Invoking `constexpr` member function through reference - clang vs gcc

Question

Consider the following example (snippet (0)):

struct X
{
    constexpr int get() const { return 0; }
};

void foo(const X& x)
{
    constexpr int i = x.get();
}

int main()
{
    foo(X{});
}

The above example compiles with all versions of g++ prior to g++ 10.x, and never compiled under clang++. The error message is:

error: 'x' is not a constant expression
    8 |     constexpr int i = x.get();
      |

live example on godbolt.org

The error kind of makes sense, as x is never a constant expression in the body of foo, however:

• X::get() is marked constexpr and it does not depend on the state of x;

• Changing const X& to const X makes the code compile with every compiler (on godbolt.org) snippet (1).

---

It gets even more interesting when I mark X::get() as static ((on godbolt.org) snippet (2)). With that change, all tested versions of g++ (including trunk) compile, while clang++ still always fail to compile.

So, my questions:

• Is g++ 9.x correct in accepting snippet (0)?

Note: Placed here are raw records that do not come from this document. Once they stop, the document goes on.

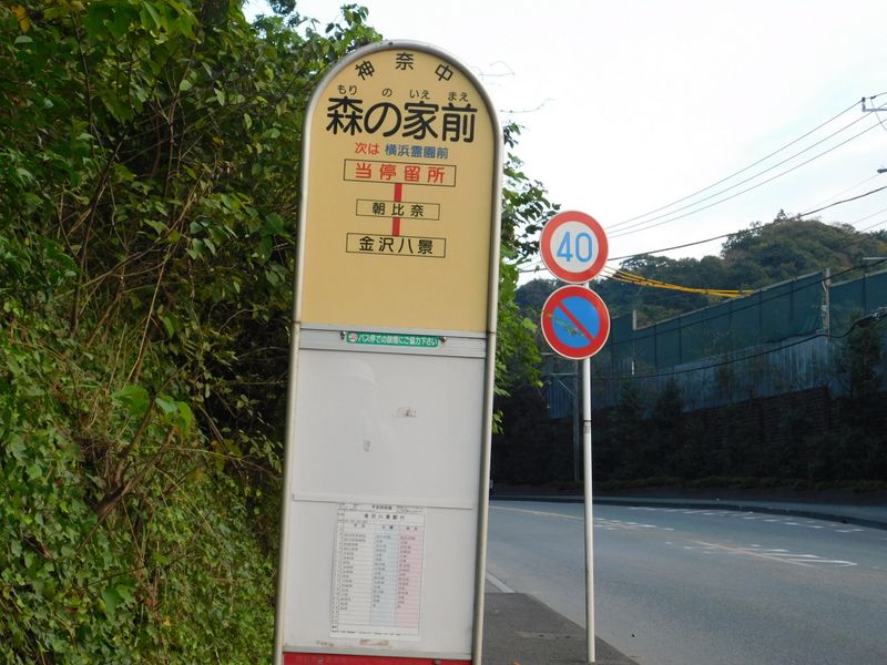 -- 森の家前バス停:金沢八景方面行き乗り場。
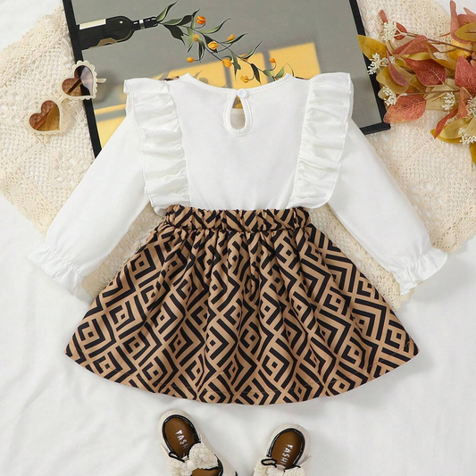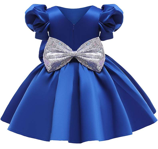 Baby Blue Puff Sleeves Frock With Yellow Bow
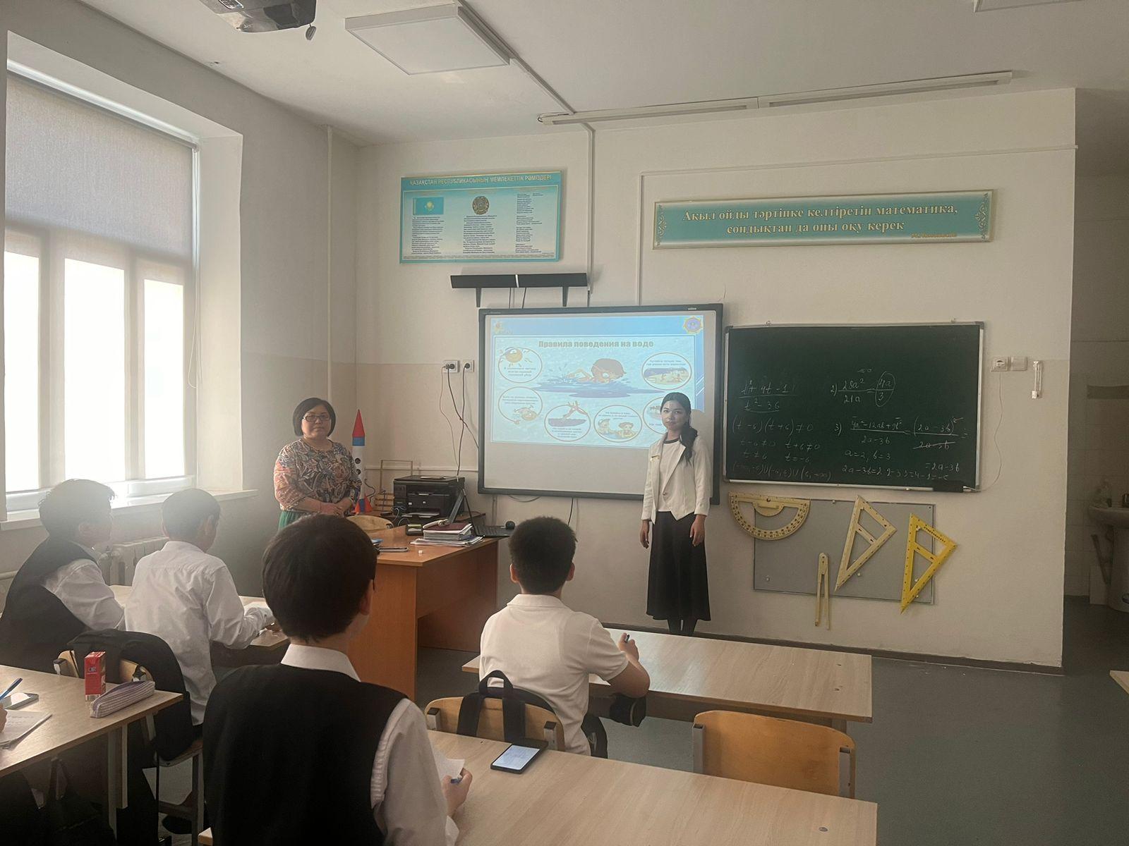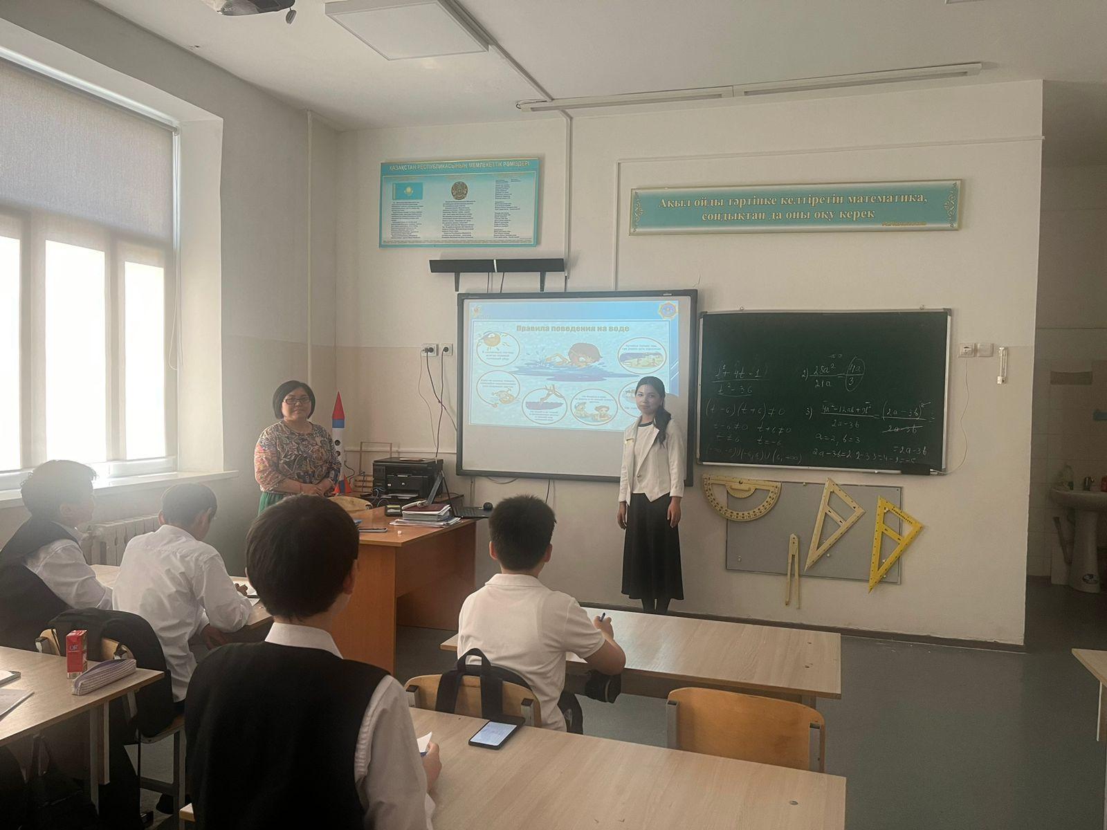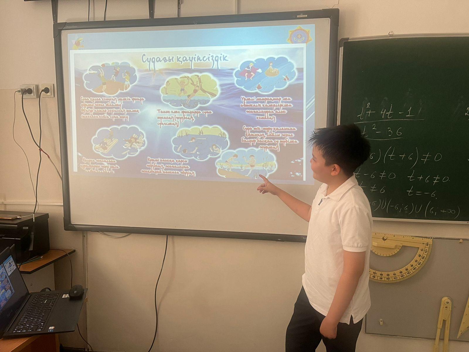 Оқушыларды “Судағы қауіпсіздік” ережелерімен таныстыру мақсатында презентация көрсетілді.

• Are all compilers correct in accepting snippet (1)? If so, why is the reference significant?

• Are g++ 9.x and g++ trunk correct in accepting snippet (2)?

Answer 1

Deprecation Notice

This answer is now obsolete due to the changes in P2280: Using unknown pointers and references in constant expressions (proposal accepted into C++23 and applied as a defect report to C++11). GCC 9 falsely accepts the code as a bug. GCC 10-13 reject the code due to a bug fix, but do not implement P2280 yet. GCC 14 implements the DR and accepts the original code as valid. See https://godbolt.org/z/KE5G969ca.

Is g++ 9.x correct in accepting snippet (0)?

No.

Are all compilers correct in accepting snippet (1)? If so, why is the reference significant?

Yes, they are.

A constant expression cannot use an id-expression naming a reference that doesn't have a previous constant expression initialization or began its lifetime during the constant expression evaluation. [expr.const]/2.11 (same in C++20)

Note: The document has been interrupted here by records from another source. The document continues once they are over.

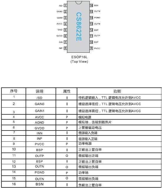 擴(kuò)頻功能、低空載電流、40倍增益、免濾波、2X23W/33W(PBTL) D類(lèi)音頻放大器 |
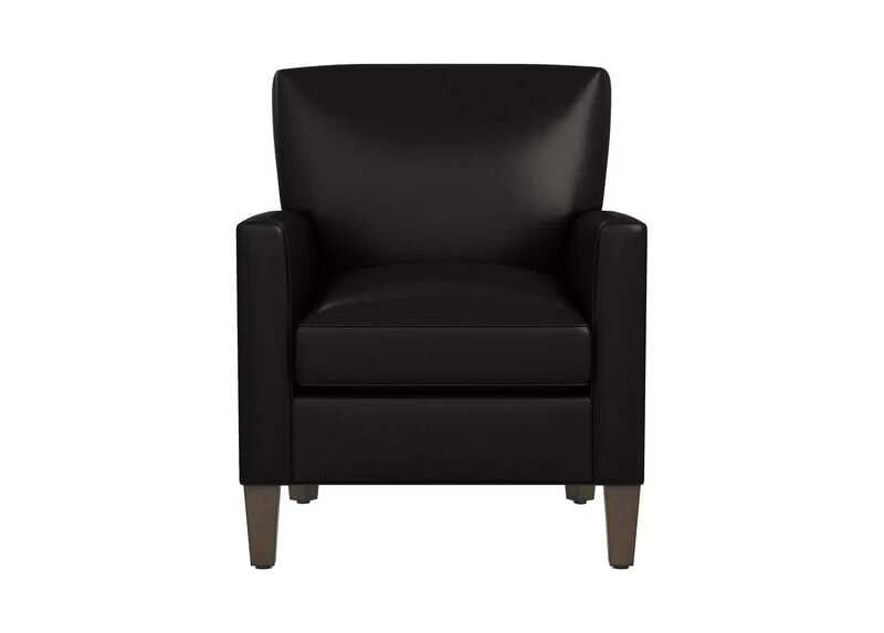 - The Collin chair features a square tight back, deep loose-welted seat cushions, and track-arms
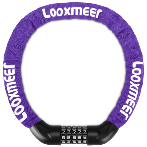 Looxmeer Chaîne Antivol Vélo Amélioré 90 cm, Chaîne Cadenas Vélo avec Fiche Épaissi, Chaîne Vélo Antivol Robuste en Alliage de Zinc, Antivol Code à 5 Chiffres pour Vélos, Motos, Scooter, Violet
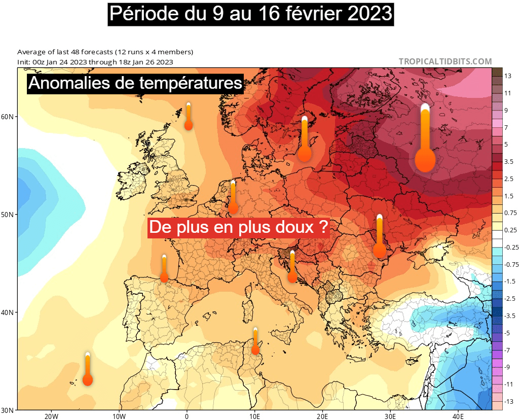 Anomalies de températures sur l'Europe pour la période du 9 au 16 février 2023 - Modèle CFS via TropicalTidBits
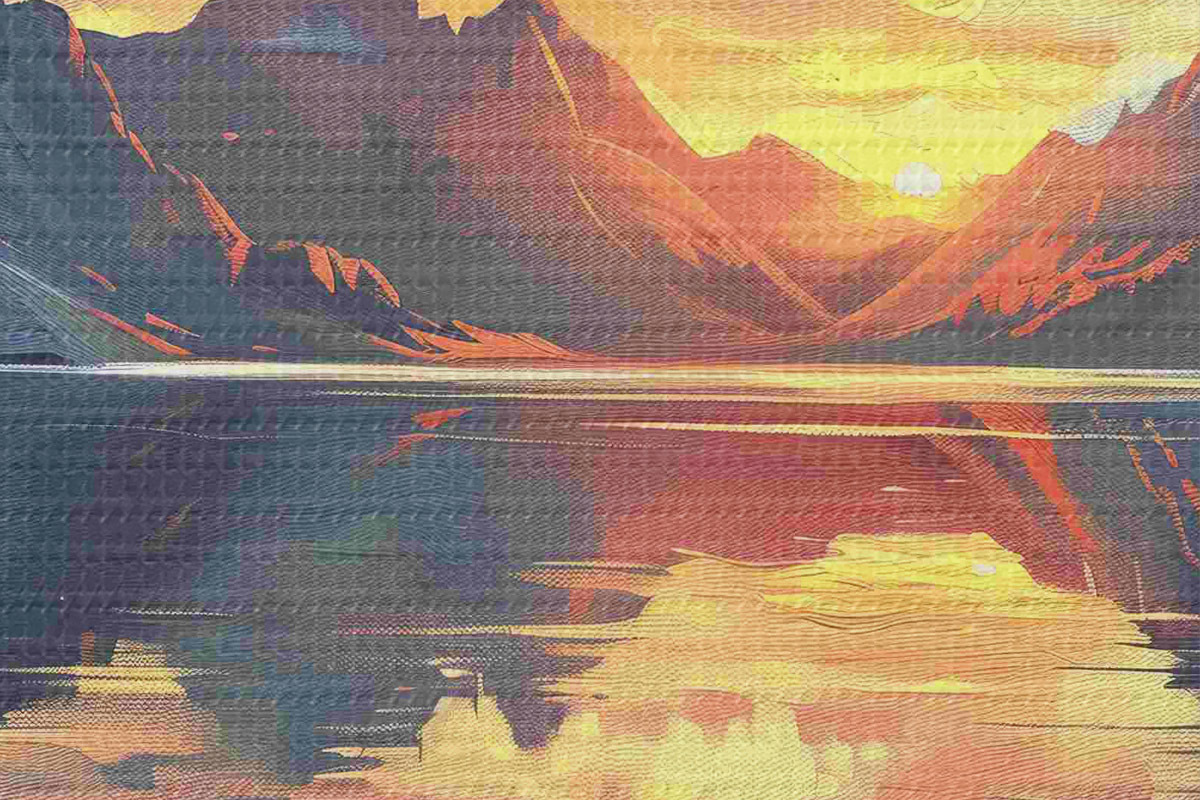 Кругла картина Захід сонця в горах, річка, природні пейзажі, акрилові фарби r40306

The same is not true if you are naming a non-reference variable without involving any lvalue-to-rvalue conversion. x.get() only refers to x as lvalue and only calls a constexpr function that doesn't actually access any member of x, so there is no issue.

Are g++ 9.x and g++ trunk correct in accepting snippet (2)?

No, because the expression still contains the subexpression x which violates the rule mentioned above.